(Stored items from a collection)
----------------

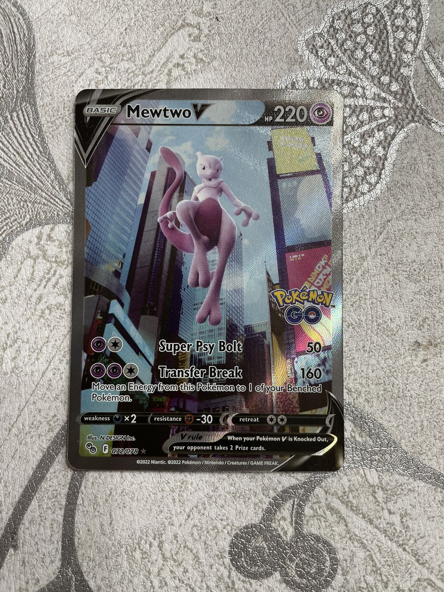 Pokémon Mewtwo V alt Art Ultra Rare Holo 220 HP Pokémon GO Card 022/078 (Perfect Condition)
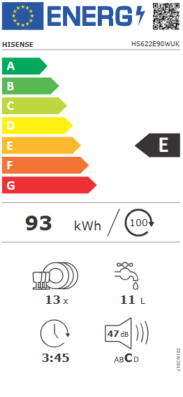 Κατανάλωση ενέργειας: 0,93 kWh ανά κύκλο (93 kWh / 100 κύκλους).
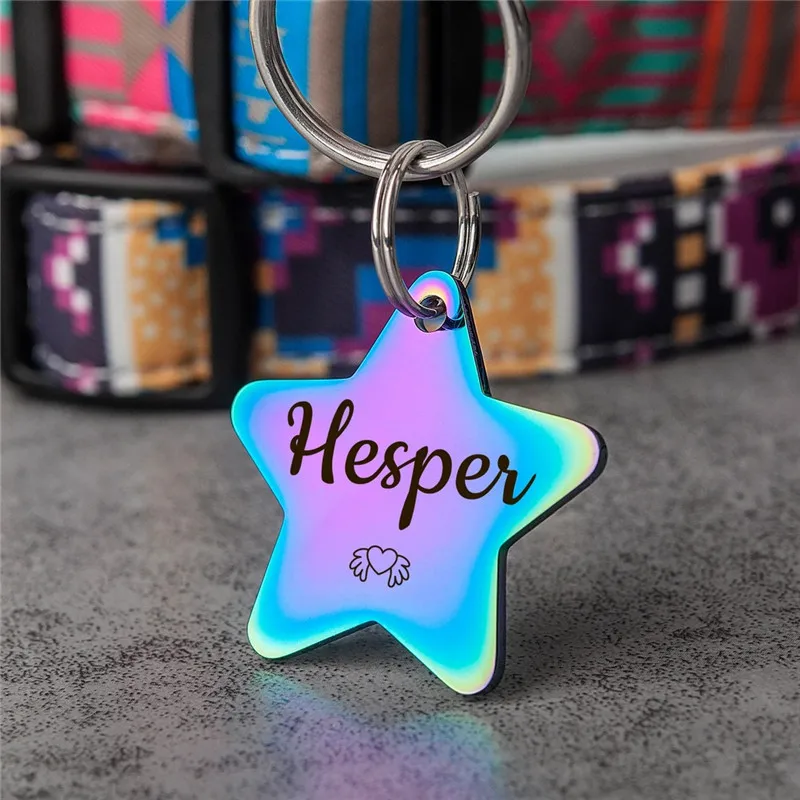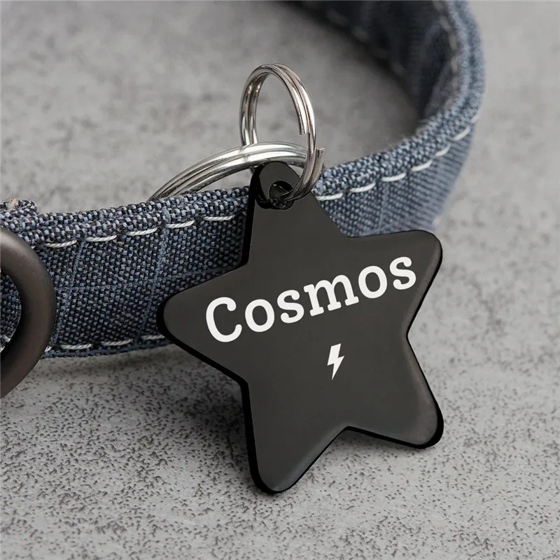 Etiquetas personalizadas para perros y gatos grabadas en ambos lados en forma de estrella, colgantes de identificación de mascotas de acero inoxidable, placa de identificación personalizada para gatitos y cachorros
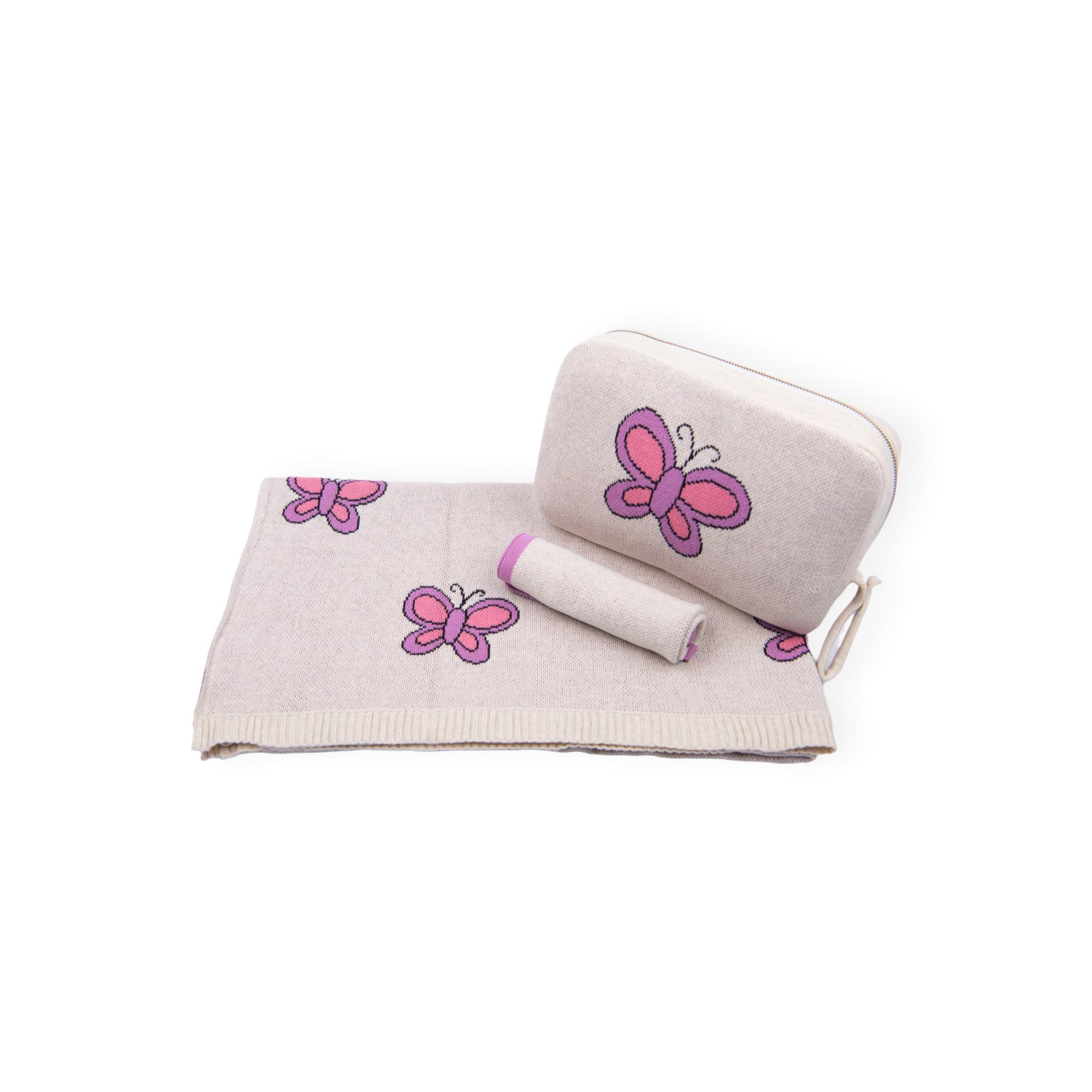 Baby gift Set = Baby Blanket(40 X 48 inches), diaper bag and Burp cloth Wholeslale Price : $48 Retail price : $110 MOQ : 3 Butterfly – Congo/Bubblegum SKU : PLFBBDS42
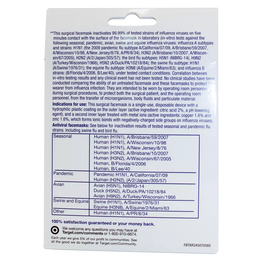Antiviral face masks inactivate 99.99% of tested influenza viruses on 5 minutes contact with the surface of the face mask.
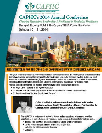 Canadian Association of Paediatric Health Centres (CAPHC) 2014 Annual ConferenceClimbing Mountains: Leadership & Resilience in Paediatric HealthcareThe Hyatt Regency Hotel & The Calgary TELUS Convention CentreOctober 19 to 21, 2014 Please click here (or the image above) to view the enlarged PDF version.
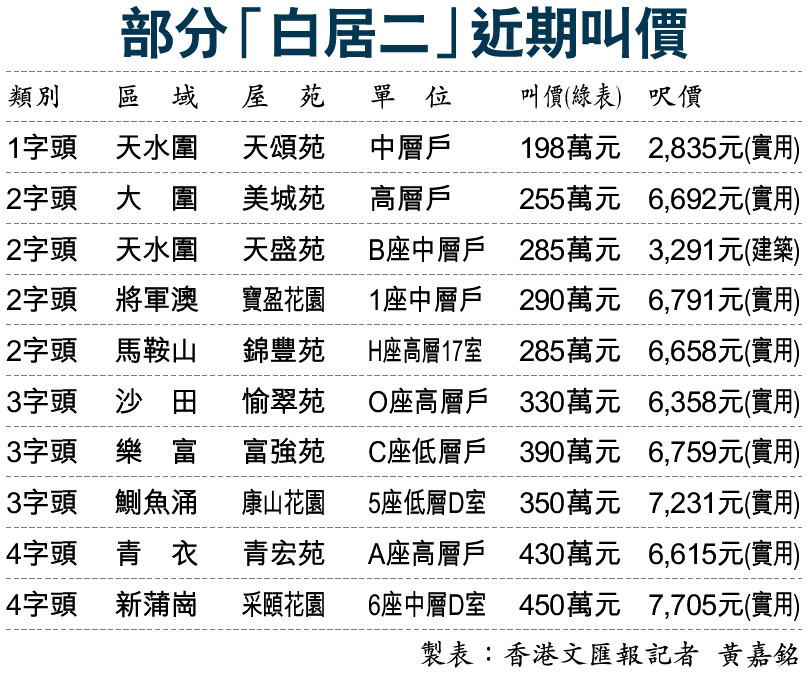 部分「白居二」近期叫價

----------------

> _Requirement_:
Every record above should be written out again exactly; the pictures stay out of the copy.

> _Task answer_:
 Pokémon Mewtwo V alt Art Ultra Rare Holo 220 HP Pokémon GO Card 022/078 (Perfect Condition)
 Κατανάλωση ενέργειας: 0,93 kWh ανά κύκλο (93 kWh / 100 κύκλους).
 Etiquetas personalizadas para perros y gatos grabadas en ambos lados en forma de estrella, colgantes de identificación de mascotas de acero inoxidable, placa de identificación personalizada para gatitos y cachorros
 Baby gift Set = Baby Blanket(40 X 48 inches), diaper bag and Burp cloth Wholeslale Price : $48 Retail price : $110 MOQ : 3 Butterfly – Congo/Bubblegum SKU : PLFBBDS42
Antiviral face masks inactivate 99.99% of tested influenza viruses on 5 minutes contact with the surface of the face mask.
 Canadian Association of Paediatric Health Centres (CAPHC) 2014 Annual ConferenceClimbing Mountains: Leadership & Resilience in Paediatric HealthcareThe Hyatt Regency Hotel & The Calgary TELUS Convention CentreOctober 19 to 21, 2014 Please click here (or the image above) to view the enlarged PDF version.
 部分「白居二」近期叫價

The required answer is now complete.